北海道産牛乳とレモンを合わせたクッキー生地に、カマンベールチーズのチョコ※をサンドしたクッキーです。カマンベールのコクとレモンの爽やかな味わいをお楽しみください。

..............................

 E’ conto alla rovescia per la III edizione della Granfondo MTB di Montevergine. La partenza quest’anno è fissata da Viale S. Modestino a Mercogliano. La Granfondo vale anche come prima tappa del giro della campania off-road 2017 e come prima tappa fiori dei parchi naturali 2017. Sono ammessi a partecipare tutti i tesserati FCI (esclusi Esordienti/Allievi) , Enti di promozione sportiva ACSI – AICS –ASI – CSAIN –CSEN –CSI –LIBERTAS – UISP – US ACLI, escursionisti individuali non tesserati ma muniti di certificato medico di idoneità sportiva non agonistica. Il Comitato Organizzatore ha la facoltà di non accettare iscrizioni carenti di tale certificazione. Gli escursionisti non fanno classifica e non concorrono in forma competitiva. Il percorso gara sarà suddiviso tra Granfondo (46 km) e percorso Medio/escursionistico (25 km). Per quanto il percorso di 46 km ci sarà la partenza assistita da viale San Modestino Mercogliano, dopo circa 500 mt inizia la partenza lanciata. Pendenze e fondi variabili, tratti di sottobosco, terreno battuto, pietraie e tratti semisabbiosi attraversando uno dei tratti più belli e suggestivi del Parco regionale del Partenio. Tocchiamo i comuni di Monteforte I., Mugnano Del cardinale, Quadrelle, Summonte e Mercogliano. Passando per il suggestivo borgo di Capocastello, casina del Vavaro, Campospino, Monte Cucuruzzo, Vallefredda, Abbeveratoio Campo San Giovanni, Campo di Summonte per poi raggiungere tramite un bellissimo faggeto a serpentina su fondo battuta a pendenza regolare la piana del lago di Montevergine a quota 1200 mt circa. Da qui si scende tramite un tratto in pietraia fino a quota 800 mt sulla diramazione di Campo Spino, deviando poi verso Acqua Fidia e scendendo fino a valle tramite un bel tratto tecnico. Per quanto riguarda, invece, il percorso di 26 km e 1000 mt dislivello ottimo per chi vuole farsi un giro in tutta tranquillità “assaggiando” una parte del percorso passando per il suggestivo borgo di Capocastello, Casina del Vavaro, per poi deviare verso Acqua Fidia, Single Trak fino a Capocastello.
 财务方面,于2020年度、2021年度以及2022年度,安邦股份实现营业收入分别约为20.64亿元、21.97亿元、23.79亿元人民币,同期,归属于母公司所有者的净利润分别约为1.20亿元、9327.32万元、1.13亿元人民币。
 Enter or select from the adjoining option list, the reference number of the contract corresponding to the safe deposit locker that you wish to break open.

..............................

■ **What you have to do**
Give back precisely the lines above that start at the line containing "财务方面,于2020年度、2" and end at the line containing "Enter or select", inclusive. No other lines belong in the output.

■ **Problem solution**
 财务方面,于2020年度、2021年度以及2022年度,安邦股份实现营业收入分别约为20.64亿元、21.97亿元、23.79亿元人民币,同期,归属于母公司所有者的净利润分别约为1.20亿元、9327.32万元、1.13亿元人民币。
 Enter or select from the adjoining option list, the reference number of the contract corresponding to the safe deposit locker that you wish to break open.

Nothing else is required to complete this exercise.